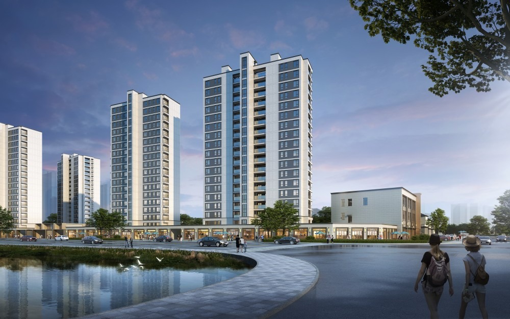 南面设置低层排屋,沿北侧和西侧主要道路布置底层商铺,形成一定的经济效益。在高层区与低层区之间设置公共景观绿化,
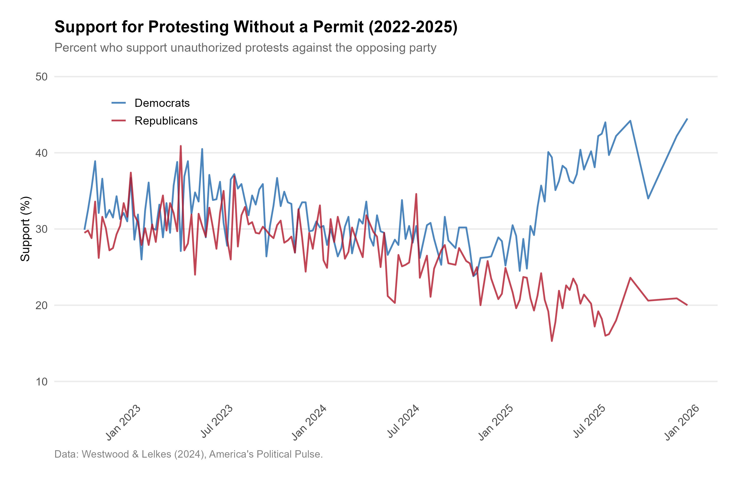 When asked whether they support someone protesting without a permit against the opposing party, Democrats and Republicans were nearly identical in late 2022, both around 30%. By late 2025, Democrats had risen to over 40% while Republicans dropped below 20%. Democrats have become more supportive of protest as a political tool; Republicans less so.
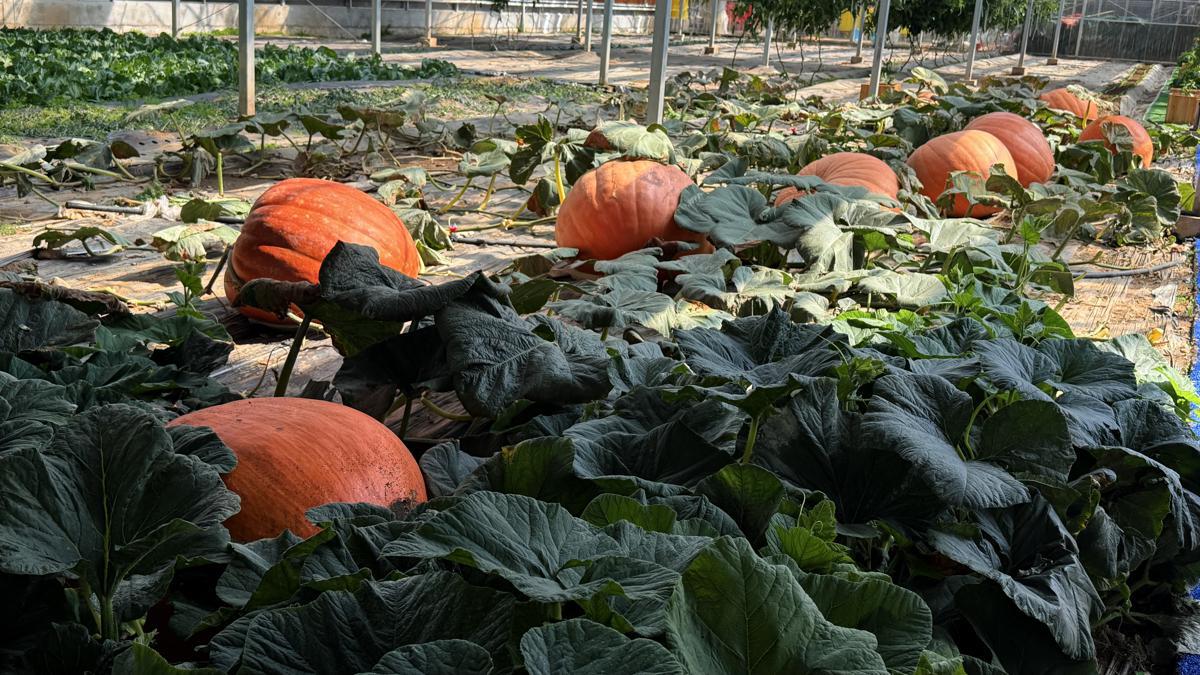 A view of the giant pumpkins in an agricultural park in Maldrogungkar county of Lhasa, Xizang autonomous region. [Photo by Kelsang Lhundrub/For chinadaily.com.cn]
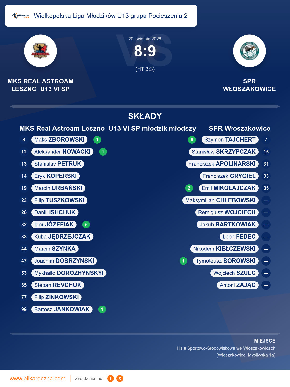 MKS Real Astroam Leszno U13 VI SP młodzik młodszy — SPR Włoszakowice
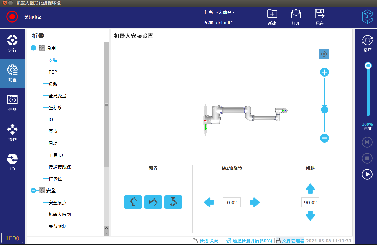 在CS机器人中有很多常用参数需要我们去进行配置,比如安装方式,IP地址的设置,新建TCP,负载的设定,全局变量的设置,坐标系的建立,原点的设定,启动的设定,如何回打包位等等一些常用参数的配置。
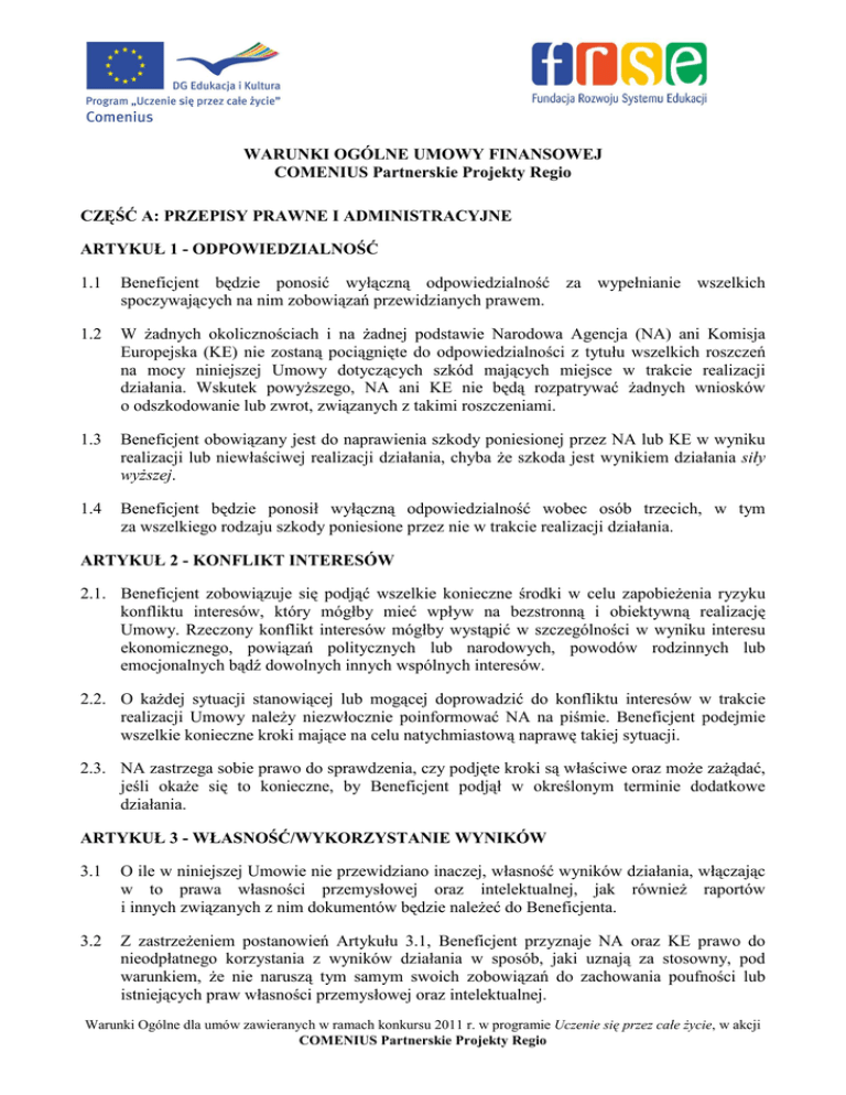 WARUNKI OGÓLNE UMOWY FINANSOWEJ COMENIUS Partnerskie Projekty Regio CZĘŚĆ A: PRZEPISY PRAWNE I ADMINISTRACYJNE ARTYKUŁ 1 - ODPOWIEDZIALNOŚĆ 1.1 Beneficjent będzie ponosić wyłączną odpowiedzialność za wypełnianie wszelkich spoczywających na nim zobowiązań przewidzianych prawem. 1.2 W Ŝadnych okolicznościach i na Ŝadnej podstawie Narodowa Agencja (NA) ani Komisja Europejska (KE) nie zostaną pociągnięte do odpowiedzialności z tytułu wszelkich roszczeń na mocy niniejszej Umowy dotyczących szkód mających miejsce w trakcie realizacji działania. Wskutek powyŜszego, NA ani KE nie będą rozpatrywać Ŝadnych wniosków o odszkodowanie lub zwrot, związanych z takimi roszczeniami. 1.3 Beneficjent obowiązany jest do naprawienia szkody poniesionej przez NA lub KE w wyniku realizacji lub niewłaściwej realizacji działania, chyba Ŝe szkoda jest wynikiem działania siły wyŜszej. 1.4 Beneficjent będzie ponosił wyłączną odpowiedzialność wobec osób trzecich, w tym za wszelkiego rodzaju szkody poniesione przez nie w trakcie realizacji działania. ARTYKUŁ 2 - KONFLIKT INTERESÓW 2.1. Beneficjent zobowiązuje się podjąć wszelkie konieczne środki w celu zapobieŜenia ryzyku konfliktu interesów, który mógłby mieć wpływ na bezstronną i obiektywną realizację Umowy. Rzeczony konflikt interesów mógłby wystąpić w szczególności w wyniku interesu ekonomicznego, powiązań politycznych lub narodowych, powodów rodzinnych lub emocjonalnych bądź dowolnych innych wspólnych interesów. 2.2. O kaŜdej sytuacji stanowiącej lub mogącej doprowadzić do konfliktu interesów w trakcie realizacji Umowy naleŜy niezwłocznie poinformować NA na piśmie. Beneficjent podejmie wszelkie konieczne kroki mające na celu natychmiastową naprawę takiej sytuacji. 2.3. NA zastrzega sobie prawo do sprawdzenia, czy podjęte kroki są właściwe oraz moŜe zaŜądać, jeśli okaŜe się to konieczne, by Beneficjent podjął w określonym terminie dodatkowe działania. ARTYKUŁ 3 - WŁASNOŚĆ/WYKORZYSTANIE WYNIKÓW 3.1 O ile w niniejszej Umowie nie przewidziano inaczej, własność wyników działania, włączając w to prawa własności przemysłowej oraz intelektualnej, jak równieŜ raportów i innych związanych z nim dokumentów będzie naleŜeć do Beneficjenta. 3.2 Z zastrzeŜeniem postanowień Artykułu 3.1, Beneficjent przyznaje NA oraz KE prawo do nieodpłatnego korzystania z wyników działania w sposób, jaki uznają za stosowny, pod warunkiem, Ŝe nie naruszą tym samym swoich zobowiązań do zachowania poufności lub istniejących praw własności przemysłowej oraz intelektualnej. Warunki Ogólne dla umów zawieranych w ramach konkursu 2011 r. w programie Uczenie się przez całe Ŝycie, w akcji COMENIUS Partnerskie Projekty Regio 2 ARTYKUŁ 4 - POUFNOŚĆ NA oraz Beneficjent zobowiązują się do zachowania poufności wszelkich dokumentów, informacji lub innych materiałów bezpośrednio związanych z przedmiotem Umowy, które zostaną naleŜycie sklasyfikowane jako poufne, jeśli ich ujawnienie mogłoby spowodować poniesienie uszczerbku przez drugą stronę. Strony pozostaną związane tym postanowieniem równieŜ po dacie zakończenia działania. ARTYKUŁ 5 – UPUBLICZNIANIE INFORMACJI 5.1 O ile NA nie przedłoŜy odmiennego Ŝądania, wszelkie komunikaty lub publikacje przekazywane bądź rozpowszechniane przez Beneficjenta w związku z działaniem, w tym na konferencjach lub seminariach, będą wskazywać, Ŝe działanie jest finansowane przez Unię Europejską (UE). Wszelkie komunikaty lub publikacje przekazywane bądź rozpowszechniane przez Beneficjenta, w kaŜdej formie i na kaŜdym nośniku, będą wskazywać, Ŝe wyłączna odpowiedzialność spoczywa na autorze, zaś NA i KE nie są odpowiedzialne za Ŝaden przypadek ewentualnego wykorzystania zawartych w nich informacji. 5.2 Beneficjent upowaŜnia NA oraz KE do publikowania następujących informacji, w dowolnej formie i na dowolnym nośniku, w tym w Internecie: - nazwy i adresu Beneficjenta, - przedmiotu i celu dofinansowania, - kwoty przyznanych środków finansowych i proporcji łącznych kosztów działania objętych finansowaniem. Na uzasadniony i naleŜycie umotywowany wniosek Beneficjenta NA i KE mogą odstąpić od publikowania powyŜszych informacji, jeŜeli ich ujawnienie naraziłoby na szwank bezpieczeństwo Beneficjenta lub jego interesy. ARTYKUŁ 6 - OCENA W kaŜdym przypadku, gdy NA, KE lub dowolny organ zewnętrzny upowaŜniony przez NA lub KE będzie prowadzić cząstkową lub końcową ocenę rezultatów działania w zestawieniu z celami danego programu UE, Beneficjent zobowiązuje się udostępnić NA, KE lub osobom upowaŜnionym przez nie wszelkie dokumenty lub informacje, które umoŜliwią pomyślne przeprowadzenie ewaluacji oraz przyznać im prawa dostępu określone w Artykule 19. ARTYKUŁ 7 - ZAWIESZENIE Beneficjent moŜe wnioskować o zawieszenie realizacji działania, jeśli w wyniku nadzwyczajnych okoliczności okaŜe się ona niemoŜliwa lub nadmiernie utrudniona, szczególnie w przypadkach działania siły wyŜszej. Beneficjent zobowiązany jest bezzwłocznie przesłać wniosek o zawieszenie do NA w formie zawiadomienia na piśmie z podaniem wszystkich niezbędnych powodów i szczegółów oraz przewidywanej daty ponownego wszczęcia realizacji działania. NA moŜe zatwierdzić lub odrzucić wniosek lub zatwierdzić go pod warunkiem zaakceptowania przez Beneficjenta warunków przedstawionych przez NA. W stosownych przypadkach, NA poinformuje Warunki ogólne dla umów zawieranych w ramach konkursów 2011 r. w programie Uczenie się przez całe Ŝycie, w akcji 2 COMENIUS Partnerskie Projekty Regio 3 Beneficjenta o swojej decyzji poprzez wystosowanie zawiadomienia na piśmie zgodnie z postanowieniami Artykułu 11. ARTYKUŁ 8 - SIŁA WYśSZA 8.1 Siła wyŜsza oznacza wszelkie nieprzewidywalne sytuacje lub zdarzenia o charakterze wyjątkowym pozostające poza kontrol

> **Task requirements**: Transcribe, word for word, the stretch of lines in the data above from the one with "MKS Real Astroam" through the one with "在CS机器人中有很多常用参数"; omit all pictures.

> **Answer to this task**:
 MKS Real Astroam Leszno U13 VI SP młodzik młodszy — SPR Włoszakowice
 在CS机器人中有很多常用参数需要我们去进行配置,比如安装方式,IP地址的设置,新建TCP,负载的设定,全局变量的设置,坐标系的建立,原点的设定,启动的设定,如何回打包位等等一些常用参数的配置。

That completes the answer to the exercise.